I would say the best case to refer to would be Hoekstra V HMA where it was said because Lord McLuskey had spoken publicly and voiced an opinion about Human Rights being a Goldmine For Lawyers, A Pain In The Neck For Judges, and most importantly I think: A Field Day for Crackpots.

Lord McLuskey then sat in judgement of Hoekstra which concerned principally Human Rights Issues therefore he was not deemed to be fit to hear such a case when he obviously had made it clear he was against such rights.

Another Scottish case from 2006 is that of Raymond Gilmour a Scottish Criminal Cases Review Commission Referral.

In Gilmour, Lord Marnoch had acted as an Advocate Depute (Prosecutor) against Gilmour in 1982 he was not deemed fit to be hearing his appeal in 2006.

What follows is the hearing in Gilmour:

APPEAL COURT,HIGH COURT OF JUSTICIARY

Lord Justice Clerk Lord Abernethy Lord Marnoch

[2006] HCJAC 73 Appeal No:XC464/03

OPINION OF THE COURT delivered by THE LORD JUSTICE CLERK in REFERRAL BY THE SCOTTISH CRIMINAL CASES REVIEW COMMISSION

in the case of RAYMOND McKENZIE GILMOUR Appellant;

against HER MAJESTY'S ADVOCATE Respondent: _______
For the Appellant:Shead, Miss Mitchell;Gordon Ritchie & Co., Paisley

For the Crown:Miss Grahame, A.D.;Crown Agent

4 October 2006

[1] This referral relates to the conviction of the appellant at Glasgow High Court on 7 June 1982 on a charge of rape and murder.The appellant unsuccessfully appealed against conviction (cf. Gilmour v HM Adv, 1982 SCCR 590).The advising of the appeal took place on 17 December 1982.

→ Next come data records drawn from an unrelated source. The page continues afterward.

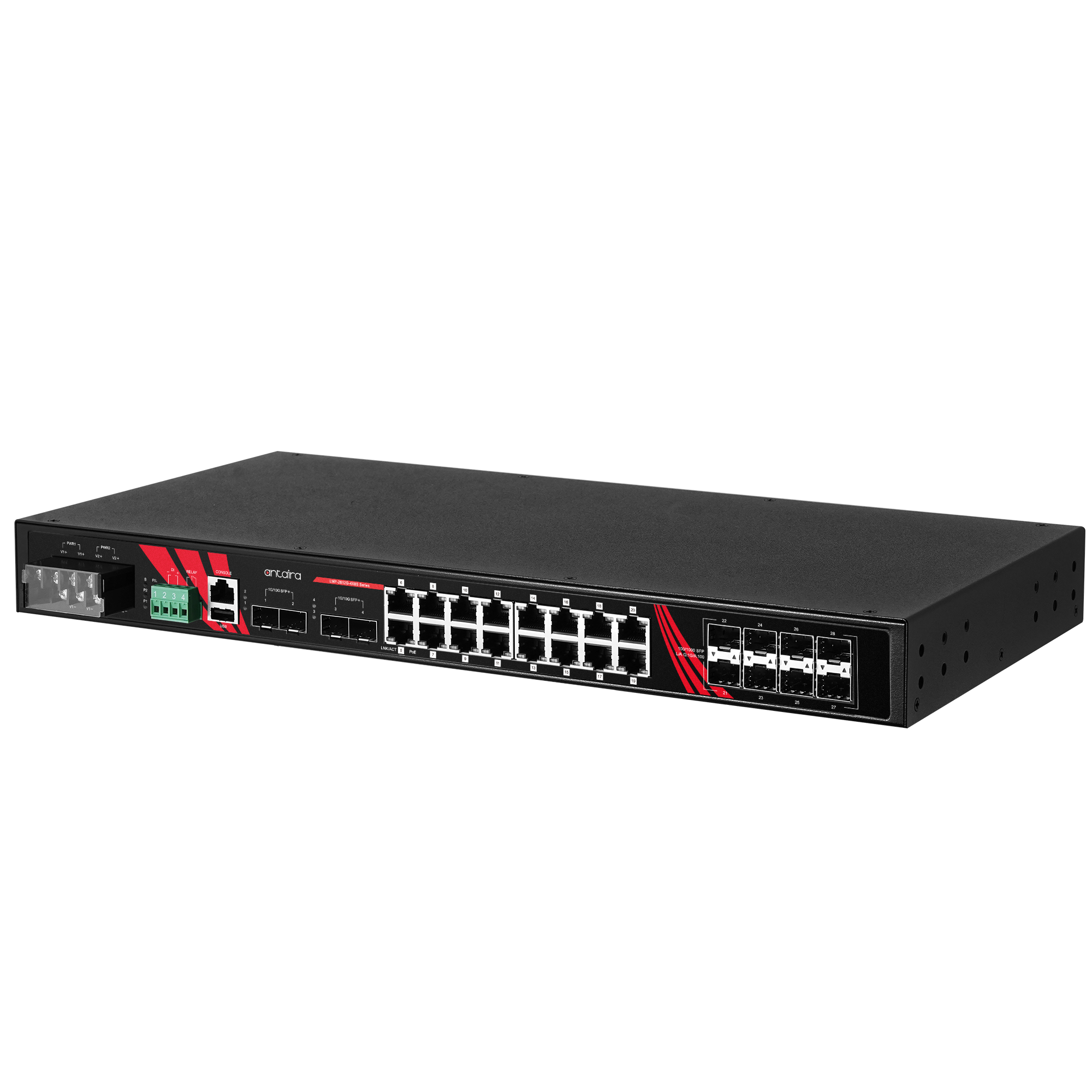 LMP-2812G-4X8S-24 to 28-portowy przemysłowy zarządzalny switch Gigabit Ethernet PoE+, wyposażony w 16 × 10/100/1000T (30 W/port), 4 × gniazda SFP+ 1G/2.5G/10G oraz 8 × portów SFP 100/1000. Dzięki temu produkt idealnie nadaje się do aplikacji wymagających wysokiej gęstości portów, szerokiego pasma transmisyjnego oraz komunikacji na duże odległości.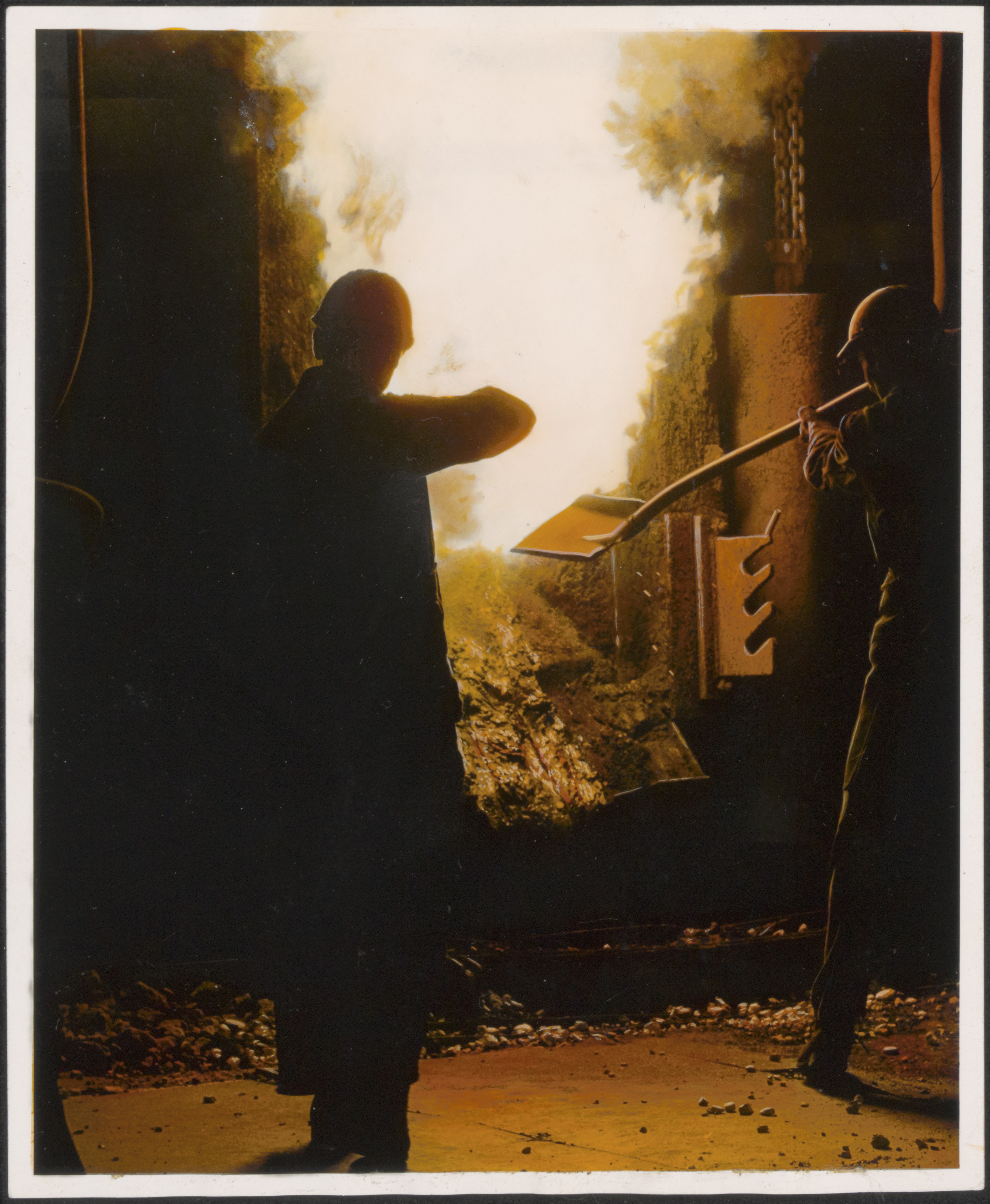 - Toevoegen van grondstoffen in de oven op de smelterij van de kabelfabriek in Alblasserdam.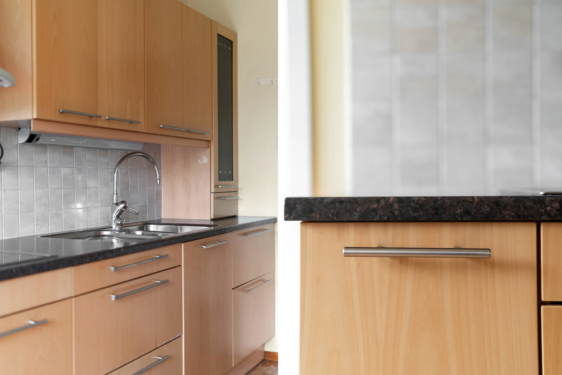 Plastmatta och ljusgula väggar. Köksinredning i trä och ovanför bänkskivan i laminat sitter grått kakel. Köket är utrustat med kombinerad kyl/frys, spishäll, inbyggd ugn, köksfläkt, inbyggd mikro och diskmaskin. Matplats för ca 4-6 personer.

[2] The hearing in this referral was fixed to begin yesterday.Shortly before the case was called it was discovered that Lord Marnoch, who took no part in the prosecution or in the appeal itself, had appeared as advocate depute at the advising of the appeal.The minutes of that advising show that the court merely announced its decision and that there was no further discussion of any kind.

[3] Counsel for the appellant objected at the outset to Lord Marnoch's taking part in the referral.He submitted that since Lord Marnoch had been personally involved in the case on behalf of the Crown in respect of his appearance at the advising, a fair-minded observer would apprehend that he had had access to the Crown papers in the case and therefore that justice would not be seen to be done (cf Haney v HM Adv, 2003 SCCR 253, at para [7]).Counsel did not accuse Lord Marnoch of actual bias, but he submitted that there would be an appearance of bias.

[4] Lord Marnoch was an advocate depute in December 1982.He accepts that he must have appeared for the Crown at the advising; but he has assured the parties that he has no recollection whatever of the case.Counsel for the appellant accepts Lord Marnoch's word; but declines to waive his objection nonetheless.

[5] The advocate depute submitted that in view of Lord Marnoch's assurance to parties, no reasonable and fair-minded observer would have any cause to apprehend that there could be a possibility of bias on Lord Marnoch's part.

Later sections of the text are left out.